There are several topics that seem to come up with patient after patient and I find myself making the same suggestions over and over again. One of these topics is sleep hygiene.

Simply stated, sleep hygiene is a way to describe your behaviors and habits related to sleep. There are several types of insomnia including delayed sleep onset, middle insomnia or frequent awakenings, and early morning awakenings. Though improving sleep hygiene can help with all three of these subtypes, change will be most dramatic with delayed onset or trouble falling asleep when you want to.

Sleep hygiene is all about rules, behavior change and “stimulus control.” Though I am rarely directive with my patients, when it comes to sleep hygiene I explain a set of rules they should follow if they want to be able to fall asleep quicker. Here they are:

  • Use your bed for sleep and sex only. Don’t read, do work , play on your phone or watch TV in bed. This is all about stimulus control: you want your body to react to the stimulus of being in bed by getting tired and falling asleep. If you like to read before bedtime, sit in a chair next to your bed or, even better, do so in another room.
  • Set rigid bedtimes and wake-times. Be reasonable and calculate out the number of hours of sleep you do best with. Note: more is not always better; most people tend to function best with approximately 7-8 hours of good quality sleep per night. Set these times and stick with them, even on weekends, at least in the beginning of your sleep hygiene training.
  • Set a rigid pre-bedtime routine. For example, before you fall asleep you probably want to wash your face and brush your teeth. Some people like to take out the next day’s outfit the night before. Make time to include saying your goodnights to your loved ones, engaging in prayer, doing your evening reading or whatever. After you’ve listed all your pre-bedtime activities, write them out in the order you want to do them each night, estimate the start time prior to when you want to fall asleep and then stick with this rigid schedule. Again, this is all about stimulus control.
  • This one is tough: If you’re not asleep within about 20 minutes or so, get out of bed and do something boring. Don’t read a good novel, watch an engaging movie or pay your bills. Instead do something mundane and boring like reading the user manual for your refrigerator. When you’re eyes get tired, get back in bed and start over. Once again, we’re focused on stimulus control: you are trying to get your body used to only sleeping (or having sex) when in bed.

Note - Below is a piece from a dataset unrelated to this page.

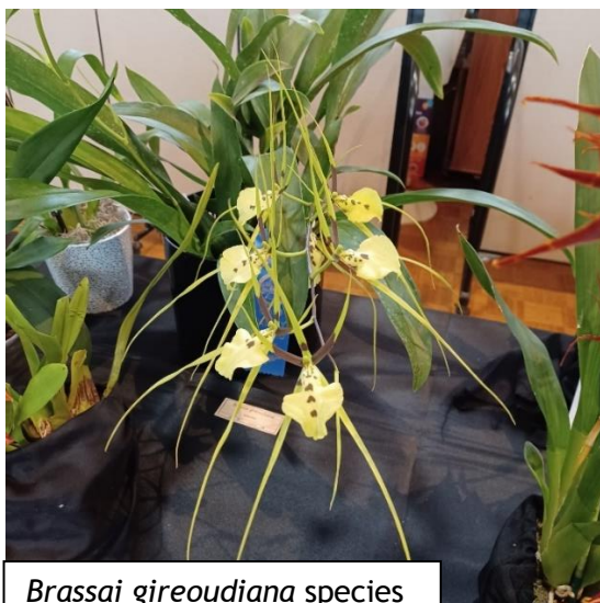
Brassai gireoudiana species

  • If you have tons of thoughts that run through your head as you’re trying to get to sleep, have a notepad and pen (and maybe a small flashlight) next to your bed. Roll over, write down those important thoughts and then let them go; you no longer have to try to remember them because they’re written down.

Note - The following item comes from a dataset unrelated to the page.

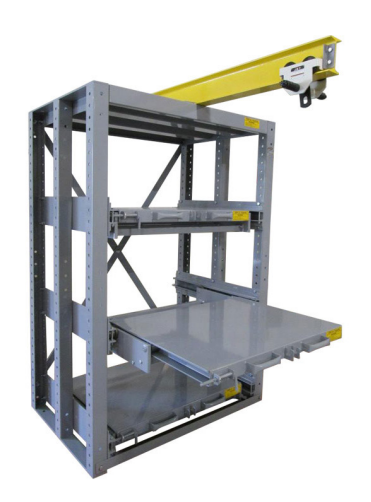
Glide-Out with Monorail Crane

Custom powder colors Enclosed sides, back, & doors Rear load shelves Safety Interlock system

  • Some people find that over-the-counter Melatonin is helpful if they take it about 30 minutes or so before bedtime. Unlike some other medications, Melatonin is not habit-forming.
  • Taking a very hot soaking bath immediately before getting into bed (i.e., the last pre-bedtime activity) can help “jumpstart” the process of falling asleep. The theory behind this is that a very hot bath will raise your core body temperature a bit. Then, when you get out of the bath and into bed, your core temperature will drop, and this is the jumpstart because when you fall asleep your core body temperature automatically drops a little.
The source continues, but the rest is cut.